REAÇÕES ADVERSAS A MEDICAMENTOS
José Gilberto Pereira
A Organização Mundial de Saúde (OMS) define reação adversa a medicamento (RAM) como “qualquer resposta prejudicial ou indesejável e não intencional que ocorre com medicamentos em doses normalmente utilizadas no
homem para profilaxia, diagnostico, tratamento de doença ou para modificação
de funções fisiológicas”. Não são consideradas reações adversas os efeitos que ocorrem depois do uso acidental ou intencional de doses maiores que as habituais (toxicidade absoluta).
Reação adversa a medicamento também pode ser entendida como reação nociva e desagradável, resultante de intervenção relacionada ao uso de um medicamento, cuja identificação permite prever riscos de futura administração,
assegurar a prevenção e tratamento especifico, bem como determinar alteração da dose ou cessação do tratamento.
Reações adversas a medicamentos são classificadas com base em diferentes
critérios. A classificação de RAM mais aceita atualmente foi proposta por Rawlins e Thompson que as agrupa em reações do tipo A ou previsíveis e reações do tipo B ou imprevisíveis.
As reações do tipo A resultam de uma ação ou de um efeito farmacológico exagerado e dependem da dose empregada, depois da administração de um medicamento em dose terapêutica habitual. São comuns, farmacologicamente previsíveis e podem ocorrer em qualquer individuo e, apesar de incidência e repercussões importantes na comunidade, a letalidade e baixa. Englobam reações produzidas por dose excessiva relativa, efeitos adversos e secundários, citotoxicidade, interações de medicamentos e características especificas da forma farmacêutica empregada. Podem ser tratadas por meio ajuste de doses ou substituição do fármaco.
As reações do tipo B caracterizam-se por serem totalmente inesperadas em relação as propriedades farmacológicas do medicamento administrado, e são incomuns, independentes de dose, ocorrendo apenas em indivíduos Susceptiveis e sendo observadas frequentemente no pós-registro. Englobam as reações de hipersensibilidade, idiossincrasia, intolerância e aquelas decorrentes de alterações na formulação farmacêutica, como decomposição de substancia ativa e excipientes.

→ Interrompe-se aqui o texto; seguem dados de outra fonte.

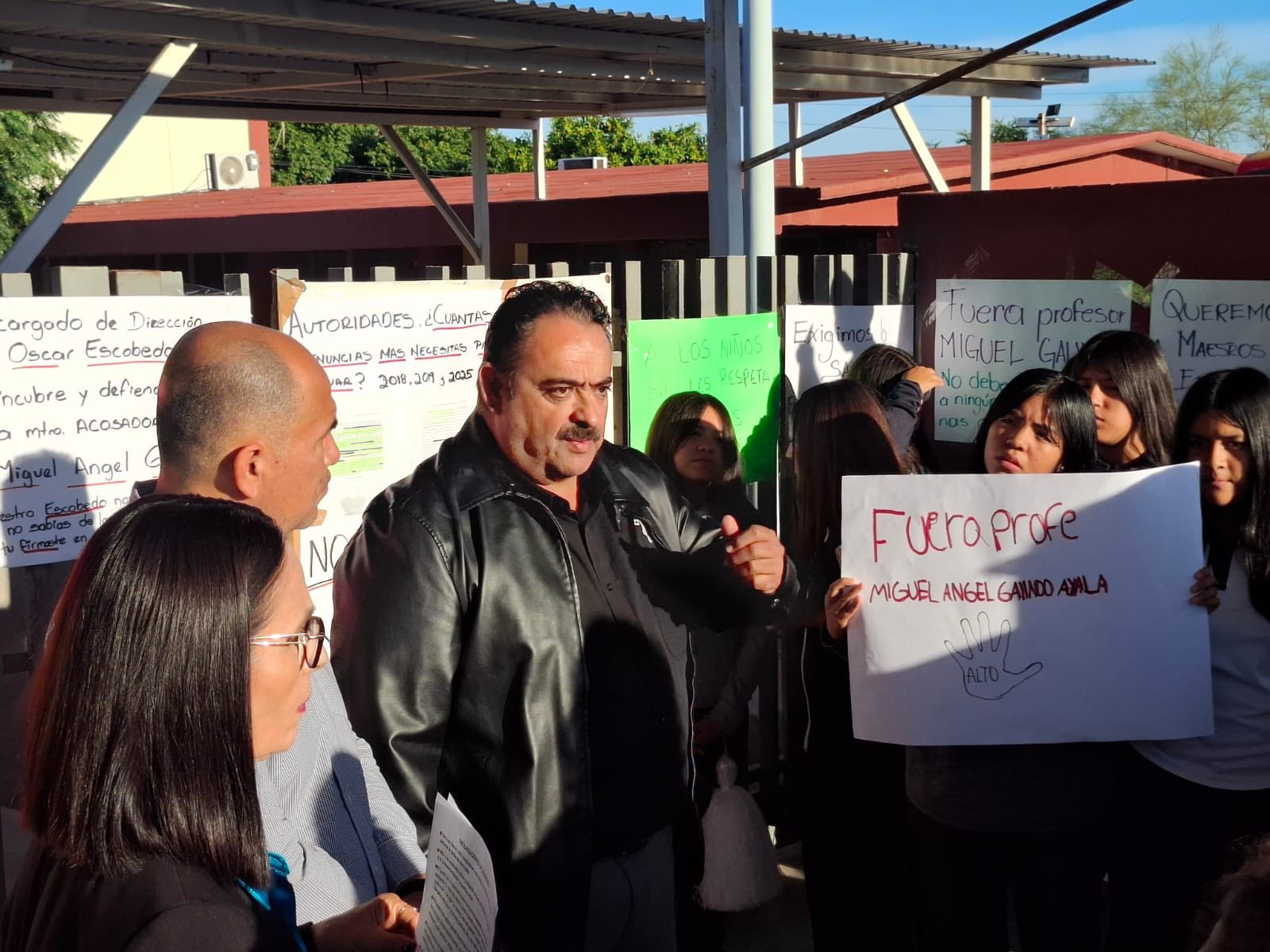 "El maestro no se está portando bien, está teniendo comportamientos incorrectos, con insinuaciones, palabras en doble sentido, tenemos también expedientes donde el maestro tuvo denuncia por lo mismo en el 2018 y en 2019 y aun así el maestro lo único que hacen es que lo retiran de su cargo, lo mandan a secretaría a andar de arriba para abajo y que el nomás siga cobrando su quincena, pero no lo retiran de ser maestro, de dar clases" expresó una de las madres de familia durante la protesta.

Esta classificação tem sido gradualmente estendida e denominada por outras
letras do alfabeto, incluindo tipo C (reações dependentes de dose e tempo), D
(reações tardias), E (síndromes de retirada), e tipo F (reações que produzem
falhas terapêuticas).
As consequências as reações adversas a medicamentos tem variedade, abrangendo desde reações de leve intensidade ou pouca relevância clinica ate as que causam prejuízo mais grave como internações em hospital, incapacidade ou ate morte. A letalidade por RAM pode alcançar 5% dos indivíduos acometidos, e cerca da metade (49,5%) das mortes e 61% das internações por RAM ocorrem em pacientes com 60 anos e mais. Alguns estudos mostraram que cerca de 4% das admissões em hospital nos Estados Unidos são devidas a RAM e que 57% destas reações não são reconhecidas no momento da admissão. Somando-se pacientes com RAM serias que exigem internação aqueles com RAM ocorridas durante a permanência em hospital atinge-se mais de 2,2 milhões de pessoas por ano, 6.000 pacientes por dia. Nas duas situações, segundo o consenso de vários pesquisadores, em 32% a 69% essas reações são previsíveis.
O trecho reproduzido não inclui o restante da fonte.